The notion of a demographic dividend (conventionally defined as the potential economic benefits derived from having a small share of economically dependent individuals) stands as the dominant paradigm for conceptualizing and communicating why population matters for development. The United Nations Population Fund, for instance, has prominently adopted such an approach, focusing on reproductive health services to alleviate unmet need for family planning and moderate fertility (UNFPA 2016).

However, a new look at the demographic dividend (Lutz et al. 2019) shows that education improvement rather than a change in age structure is the gatekeeper for accessing economic growth. The econometric model that we used separates education from age-structure effects on development outcomes, finding that gains from a rising share of the working-age population are prevalent only when a relatively high share of the population is educated beyond primary schooling (Figure 1).

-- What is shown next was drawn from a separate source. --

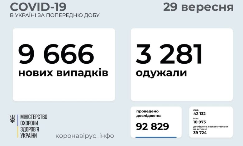 «За сутки 28 сентября 2021 года в Украине зафиксировано 9 666 новых подтвержденных случаев коронавирусной болезни COVID-19», — сообщили в Минздраве.

Age-structural change in itself does not open a specific window of opportunity: it can help strengthen the dividend, but only when combined with an improvement in human capital, which is the primary agent of change in low-income countries. Development goals, especially for early demographic transition countries, should therefore set education as a priority from the beginning, as the Sustainable Development Goals (SDGs) already postulate. Such a strategy also works in moderating fertility (Kebede et al 2019), which is a useful complement in the process of economic development.

What constitutes demographic change and its dividend?

While demographic change is sometimes narrowly viewed as only referring to changing age structure, both common usage and authoritative scientific definitions often take a broader view that includes changes in several demographic dimensions. For example, when the media write about the changing demographics of the USA in the context of voting behaviour, they refer to the changing proportions of Hispanics, changing proportions in urban, semi-urban and rural areas and changing education structures, among others. This broad usage is also in line with the definition used by the International Union for the Scientific Study of Population (IUSSP) and key textbooks (Shryock et al 1973) as the scientific study of changing population size and structures, meaning multiple structures. In this sense, both changes, in the education structure and in the age structure, can be labelled “demographic”, and both can influence the demographic dividend. Which of these demographic structural changes is more important for economic growth is a matter of empirical assessment rather than ex ante assumptions.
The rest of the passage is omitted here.